Path: utzoo!attcan!uunet!samsung!sdd.hp.com!apollo!apollo.hp.com!mishkin
From: mishkin@apollo.HP.COM (Nathaniel Mishkin)
Newsgroups: comp.protocols.misc
Subject: Re: RPC Technologies
Keywords: Transports UDP TCP Performance
Message-ID: <1990Sep14.093420@apollo.HP.COM>
Date: 14 Sep 90 13:34:00 GMT
References: <1990Sep5.194621.11656@athena.mit.edu> <1990Sep7.153710@apollo.HP.COM> <142133@sun.Eng.Sun.COM> <1990Sep11.131429@apollo.HP.COM> <142319@sun.Eng.Sun.COM>
Sender: root@apollo.HP.COM
Reply-To: mishkin@apollo.HP.COM (Nathaniel Mishkin)
Organization: Hewlett-Packard Company - Cooperative Object Computing Operation
Lines: 118

In article <142319@sun.Eng.Sun.COM>, vipin@samsun.Sun.COM (Vipin Samar) writes:
>Yes, this is precisely what I am interested in knowing.  Does transparently
>mean "random" here because any of the available protocols
>give the same functionality or is there some implicit ordering? 

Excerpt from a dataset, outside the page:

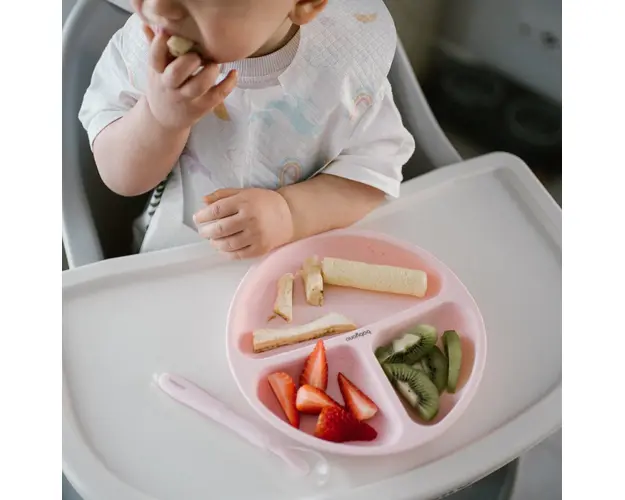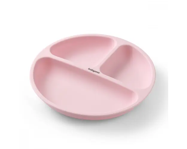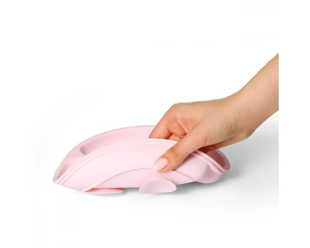 Farfurie din silicon cu ventuza pentru copii Babyono roz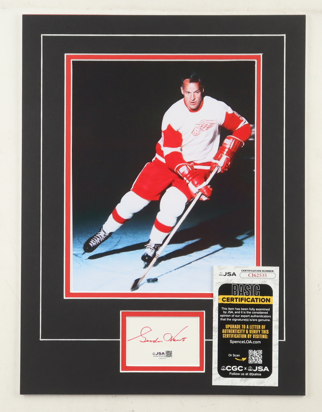 Custom display measures approximately 12" x 16" in size and features a cut that has been hand-signed by Gordie Howe (D. 2016, Detroit Red Wings, HOF). The display also features a 8" x 10" photo.

It means "random because any of the available protocols give the same
functionality".  Like I said, define an scheme for making a more
intelligent choice among equivalent servers is an area for future work.

>Yes, I agree this is a tough problem on formalizing these
>heuristics - perhaps after all it is not such a bad idea to give control to
>users in such cases.  One can never really have all the bases covered.

I definitely agree that there should be at least one mode that lets
user policy choices come into play.

>O.K., so you did build the entire TCP layer on top of UDP and
>you added all the code for that in the NCS library.  Has that step really
>solved all the problems or perhaps has just moved the problems from one
>place to another.

Clearly there are SOME problems that just don't go away.  We believe that
many do.

>If one cannot support huge (say 100) TCP connections because of resource
>problem, then you have said that NCS/UDP will be able to
>overcome the resource problem.  I wonder if that is true, because
>building up of entire TCP functionality on top of UDP is going to require
>system resources as well.  Multiplexing the file descriptors may
>solve this problem to some extent, but not completely, because one would
>still need to keep all those buffers hanging around for any decent
>congestion control and rate-flow problems.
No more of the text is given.